§ **Exercise details**
Find the line below with "Other factors can" and the line with "Navidades Bauble Profiteroles". Output them and the lines between, exactly, but not the pictures.
------ Supplied information ------
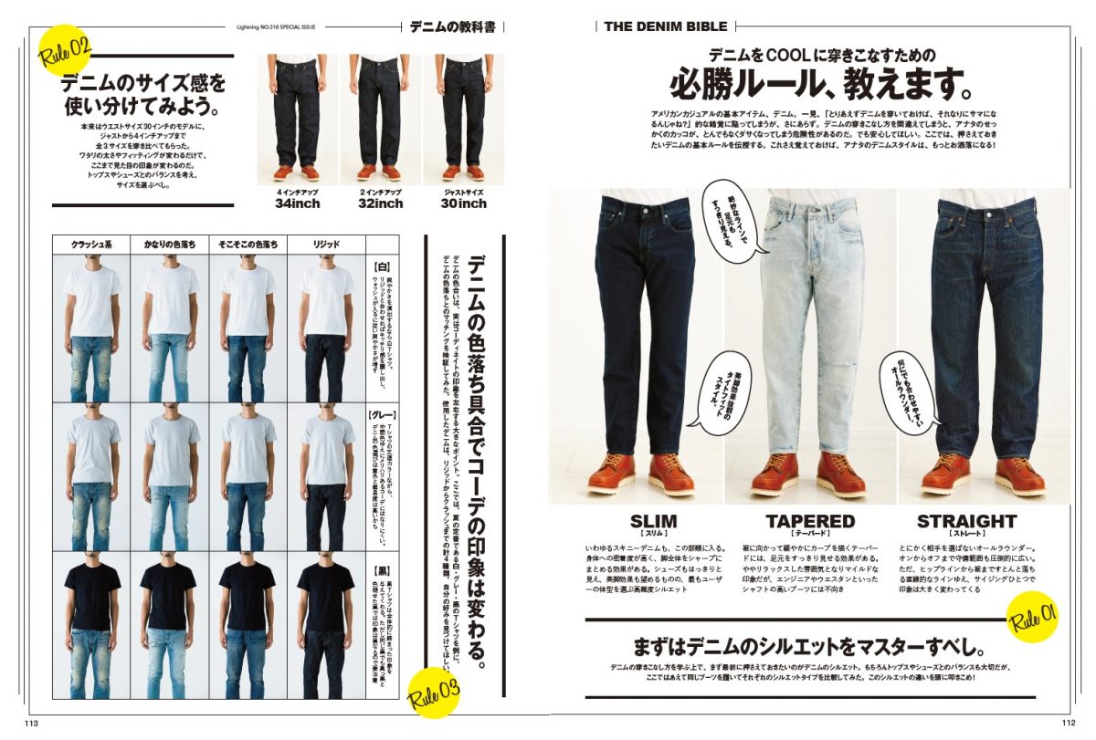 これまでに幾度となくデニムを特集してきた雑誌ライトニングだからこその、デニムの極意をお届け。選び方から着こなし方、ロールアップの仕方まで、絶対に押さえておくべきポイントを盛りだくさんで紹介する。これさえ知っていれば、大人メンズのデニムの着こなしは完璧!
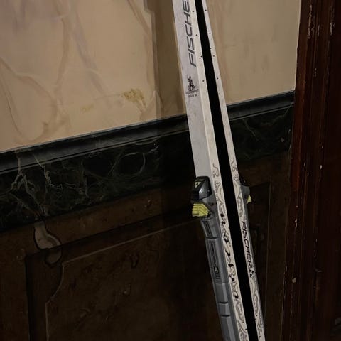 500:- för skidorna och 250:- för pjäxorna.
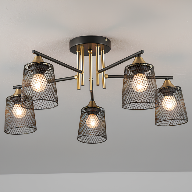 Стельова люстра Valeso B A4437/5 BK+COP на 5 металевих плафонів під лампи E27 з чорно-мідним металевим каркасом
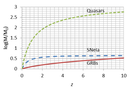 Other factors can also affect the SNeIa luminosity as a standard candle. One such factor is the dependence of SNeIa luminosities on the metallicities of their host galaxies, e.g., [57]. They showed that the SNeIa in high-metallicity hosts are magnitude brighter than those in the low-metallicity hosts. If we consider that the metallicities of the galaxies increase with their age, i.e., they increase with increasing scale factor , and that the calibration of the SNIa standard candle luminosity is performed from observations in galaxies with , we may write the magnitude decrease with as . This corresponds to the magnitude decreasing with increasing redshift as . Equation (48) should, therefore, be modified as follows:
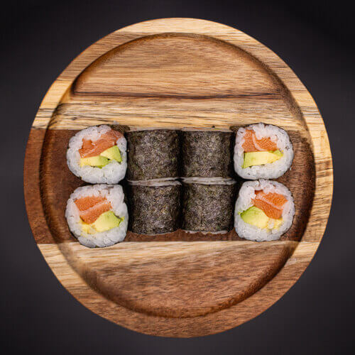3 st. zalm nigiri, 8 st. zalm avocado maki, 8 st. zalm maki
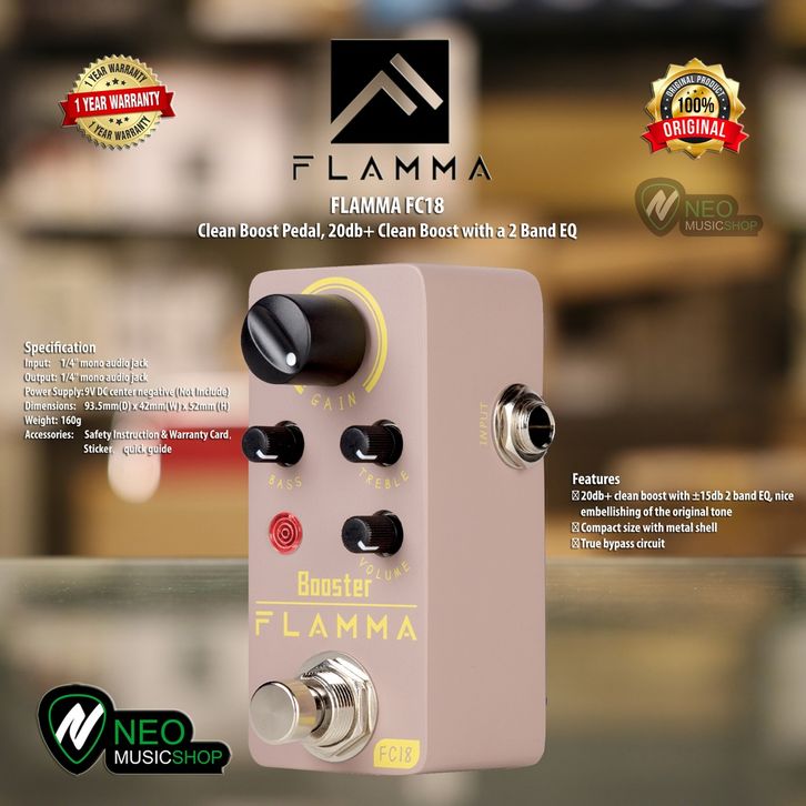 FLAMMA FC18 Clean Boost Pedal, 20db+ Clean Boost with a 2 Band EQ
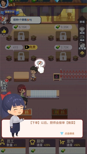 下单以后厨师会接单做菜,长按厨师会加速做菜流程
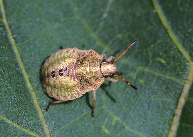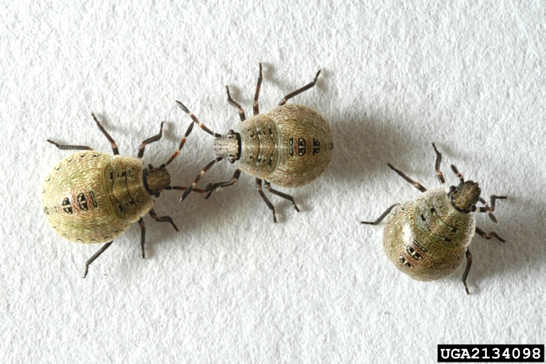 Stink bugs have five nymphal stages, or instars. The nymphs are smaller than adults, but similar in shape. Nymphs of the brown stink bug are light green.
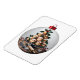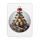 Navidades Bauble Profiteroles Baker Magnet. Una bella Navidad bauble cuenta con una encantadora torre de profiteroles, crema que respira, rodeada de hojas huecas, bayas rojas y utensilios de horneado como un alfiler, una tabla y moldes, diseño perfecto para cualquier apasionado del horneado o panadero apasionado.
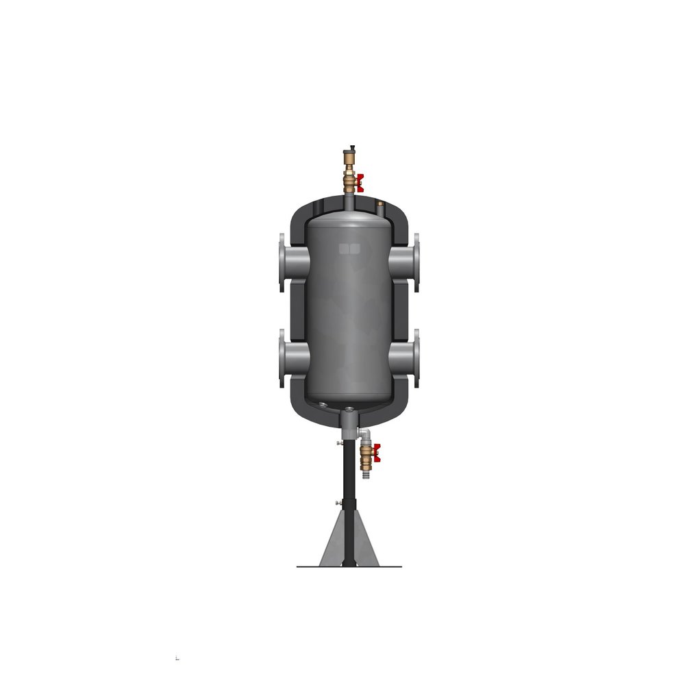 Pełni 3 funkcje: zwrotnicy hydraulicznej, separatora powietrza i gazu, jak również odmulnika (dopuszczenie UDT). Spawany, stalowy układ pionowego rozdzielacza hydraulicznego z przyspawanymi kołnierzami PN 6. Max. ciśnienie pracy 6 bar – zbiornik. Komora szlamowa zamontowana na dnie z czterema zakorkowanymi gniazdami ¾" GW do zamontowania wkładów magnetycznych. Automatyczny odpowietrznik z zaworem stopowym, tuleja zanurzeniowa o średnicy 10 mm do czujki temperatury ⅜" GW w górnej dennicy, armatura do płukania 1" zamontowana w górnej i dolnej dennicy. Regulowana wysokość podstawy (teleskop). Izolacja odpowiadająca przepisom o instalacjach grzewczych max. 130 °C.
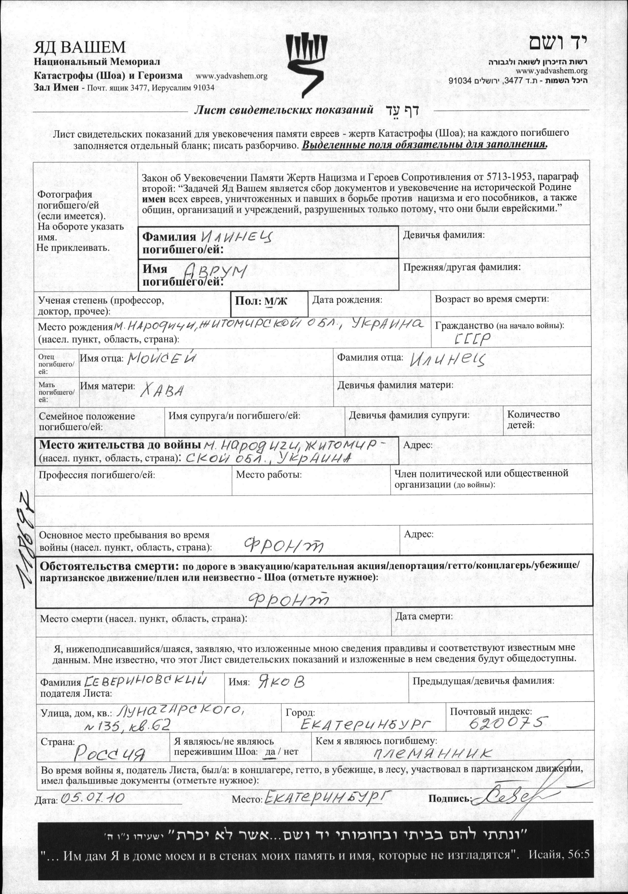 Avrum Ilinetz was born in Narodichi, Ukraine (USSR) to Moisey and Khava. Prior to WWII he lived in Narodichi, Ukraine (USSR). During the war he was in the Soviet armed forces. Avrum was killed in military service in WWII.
------
§ **Exercise response**
 Other factors can also affect the SNeIa luminosity as a standard candle. One such factor is the dependence of SNeIa luminosities on the metallicities of their host galaxies, e.g., [57]. They showed that the SNeIa in high-metallicity hosts are magnitude brighter than those in the low-metallicity hosts. If we consider that the metallicities of the galaxies increase with their age, i.e., they increase with increasing scale factor , and that the calibration of the SNIa standard candle luminosity is performed from observations in galaxies with , we may write the magnitude decrease with as . This corresponds to the magnitude decreasing with increasing redshift as . Equation (48) should, therefore, be modified as follows:
3 st. zalm nigiri, 8 st. zalm avocado maki, 8 st. zalm maki
 FLAMMA FC18 Clean Boost Pedal, 20db+ Clean Boost with a 2 Band EQ
 下单以后厨师会接单做菜,长按厨师会加速做菜流程
 Stink bugs have five nymphal stages, or instars. The nymphs are smaller than adults, but similar in shape. Nymphs of the brown stink bug are light green.
 Navidades Bauble Profiteroles Baker Magnet. Una bella Navidad bauble cuenta con una encantadora torre de profiteroles, crema que respira, rodeada de hojas huecas, bayas rojas y utensilios de horneado como un alfiler, una tabla y moldes, diseño perfecto para cualquier apasionado del horneado o panadero apasionado.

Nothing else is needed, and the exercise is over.